# Provided information

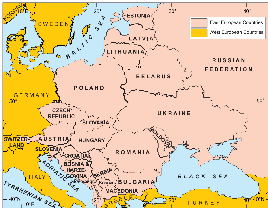
East Europe today

Please see the following websites for further information:
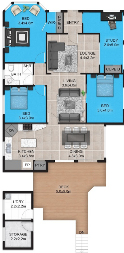
HOUSE 172.4 SQM
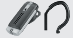
ADAPT Presence Grey Business
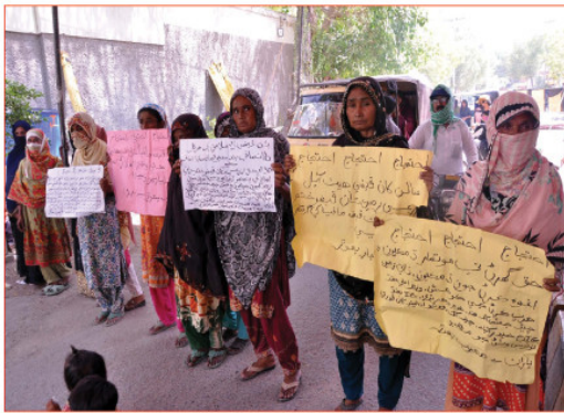
HYDERABAD: Residents of Tando Hyder are holding protest demonstration against high handedness of land grabbers, at Hyderabad press club.
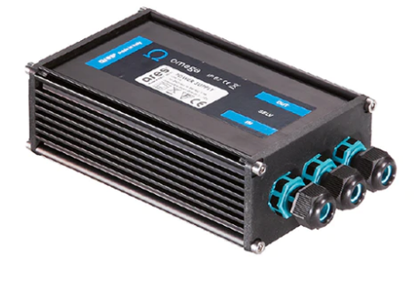
Power Supply 16X1W 110+240V/350mA lp67 184
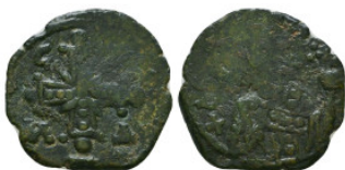
876 Byzantine Coins AE, 7th - 13th Centuries Reference: Condition: Very Fine Weight: 2.2 gr Diameter: 19.7 mm 1
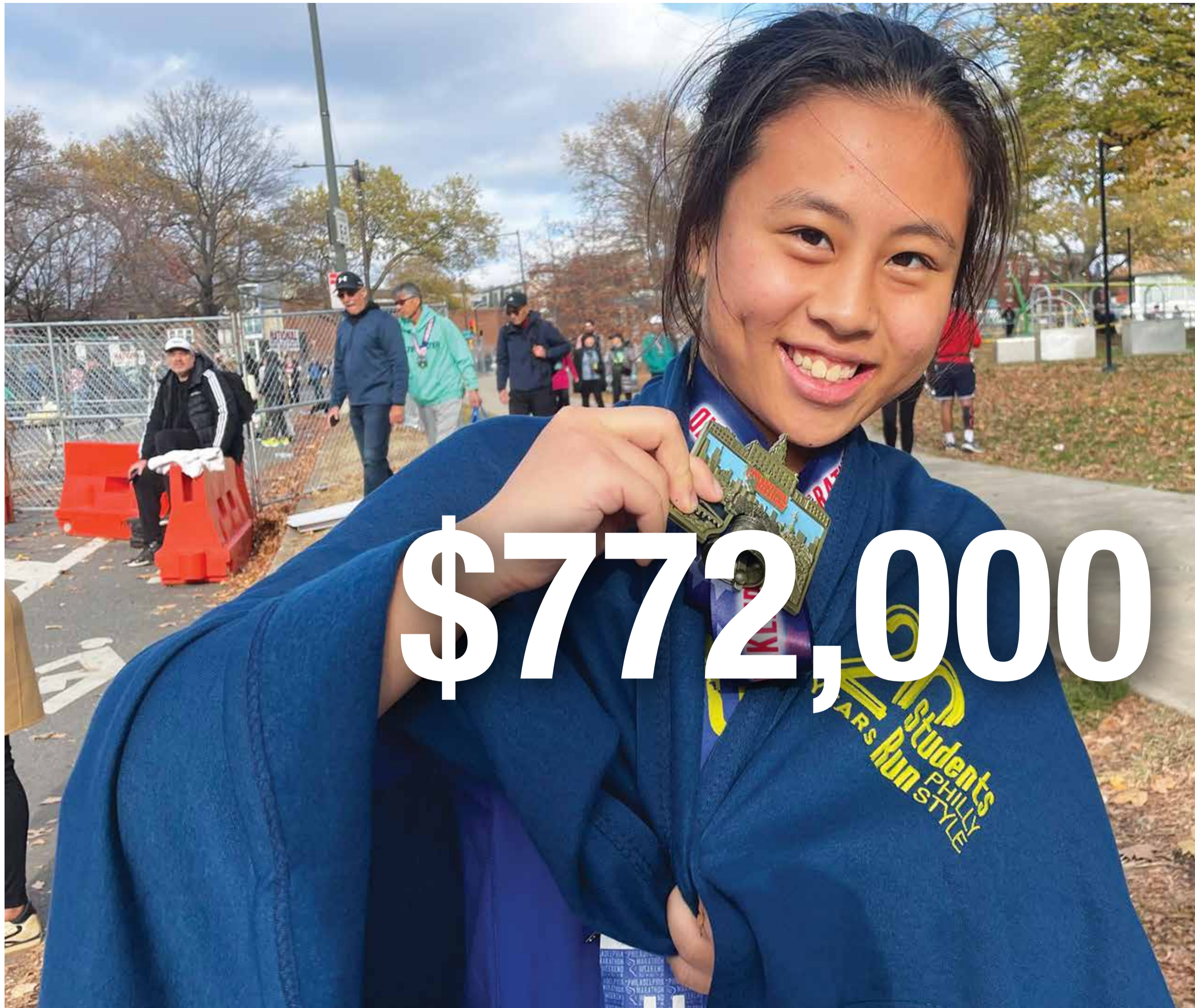
STUDENTS RUN PHILLY STYLE

# Your objective
Where an entry includes an image, leave that image out; otherwise, reproduce everything exactly.

# Answer box
East Europe today

Please see the following websites for further information:
HOUSE 172.4 SQM
ADAPT Presence Grey Business
HYDERABAD: Residents of Tando Hyder are holding protest demonstration against high handedness of land grabbers, at Hyderabad press club.
Power Supply 16X1W 110+240V/350mA lp67 184
876 Byzantine Coins AE, 7th - 13th Centuries Reference: Condition: Very Fine Weight: 2.2 gr Diameter: 19.7 mm 1
STUDENTS RUN PHILLY STYLE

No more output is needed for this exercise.